RCC Grad Josh Williams
Beginning at an early age, Josh Williams would often peer down at his bicycle frame and carefully check out the welded connections. “I always knew I wanted to learn how to put those materials together,” Williams said.
He started touring on the BMX racing circuit at age 4 and was familiar with the importance of bike durability.
Taking welding classes at Grants Pass High School set Williams on a path to follow his interests, and after graduating in 2006, he enrolled in the Rogue Community College Welding Technology program. “I really started getting serious about honing my skills at RCC,” said Williams, who went on to earn an associate’s degree. “RCC is a great place to learn.”

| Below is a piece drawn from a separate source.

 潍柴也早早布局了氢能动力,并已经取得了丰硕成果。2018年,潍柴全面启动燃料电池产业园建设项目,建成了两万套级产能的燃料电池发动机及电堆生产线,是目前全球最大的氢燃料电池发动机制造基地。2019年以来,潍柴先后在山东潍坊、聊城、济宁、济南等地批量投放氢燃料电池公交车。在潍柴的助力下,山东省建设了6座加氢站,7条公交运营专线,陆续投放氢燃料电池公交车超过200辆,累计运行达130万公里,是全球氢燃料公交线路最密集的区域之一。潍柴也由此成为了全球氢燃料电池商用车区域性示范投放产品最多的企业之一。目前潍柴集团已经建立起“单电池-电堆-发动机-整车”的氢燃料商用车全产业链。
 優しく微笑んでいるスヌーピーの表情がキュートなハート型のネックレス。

Now 22, Williams started working last year for Isla Carmen LLC, a small, innovative Grants Pass manufacturing and development company. Founded in 2000, the company makes and ships Chameleon floor registers, a unique flush-mounted floor grill, coast-to-coast to contractors, installers, architects, distributors and wholesalers. Isla Carmen is co-owned by Mark Goracke and Steve Albert.

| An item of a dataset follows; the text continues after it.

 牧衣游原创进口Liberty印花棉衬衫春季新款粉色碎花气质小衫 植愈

When he was first hired, Williams started off doing shipping and receiving and quickly worked into production, which is “right up my alley,” he said. “I’m now working full time and feel very fortunate.” His bosses feel equally lucky to have Williams on board.
“Whoever his teachers were at RCC and Grants Pass High, I need to shake their hands,” Goracke noted. “They really helped him achieve his goals. Josh speaks very highly of both programs.”

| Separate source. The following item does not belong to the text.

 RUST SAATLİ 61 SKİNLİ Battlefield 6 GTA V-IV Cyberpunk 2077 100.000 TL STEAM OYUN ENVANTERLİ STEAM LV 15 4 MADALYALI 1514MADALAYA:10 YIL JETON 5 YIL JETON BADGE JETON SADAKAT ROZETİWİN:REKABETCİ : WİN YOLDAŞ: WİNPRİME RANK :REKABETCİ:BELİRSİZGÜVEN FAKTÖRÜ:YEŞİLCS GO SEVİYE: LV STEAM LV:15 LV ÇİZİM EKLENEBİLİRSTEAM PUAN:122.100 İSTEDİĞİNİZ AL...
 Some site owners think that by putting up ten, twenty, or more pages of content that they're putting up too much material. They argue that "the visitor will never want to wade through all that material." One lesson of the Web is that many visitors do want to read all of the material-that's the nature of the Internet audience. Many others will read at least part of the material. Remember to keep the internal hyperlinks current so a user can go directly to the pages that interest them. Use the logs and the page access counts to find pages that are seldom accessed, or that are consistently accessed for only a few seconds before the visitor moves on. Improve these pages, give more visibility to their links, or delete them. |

Goracke has taken RCC courses himself, which helped strengthen the company. “The college’s Small Business Development Center gets you grounded,” he said. “If you were running on hunches, they help you factualize things. And it’s excellent being in classes with other business people; their feedback is very helpful.”
Williams guided the company’s selection of new welding equipment, Goracke said, adding that Isla Carmen strives to purchase domestically produced tools and materials. “Josh helped steer us toward what we need and set it up. It’s not a simple matter. He’s a pretty remarkable person — I wish we could clone him.”
While still in high school, Williams took a number of RCC’s College Now Credits, which saved him time and money when he began attending Rogue. “I got a lot of prerequisites out of the way,” he said, adding that receiving several RCC Foundation scholarships “made a huge difference.”
Williams said he learned more than welding while earning his degree; he gained skills that will help him reach his goal of building mountain bike frames. “At the time I wasn’t so sure how applicable other classes were to my work, but I’ve seen how they helped me better myself,” he said. Math skills come in handy daily, and a communication class taught by Bobbi Kidder helped Williams become a more well-rounded individual.
“The best thing about welding is you can fix whatever you break and save a lot of money. And I like the challenge of taking on a project and working with my hands. Then you can step back and feel a sense of accomplishment.”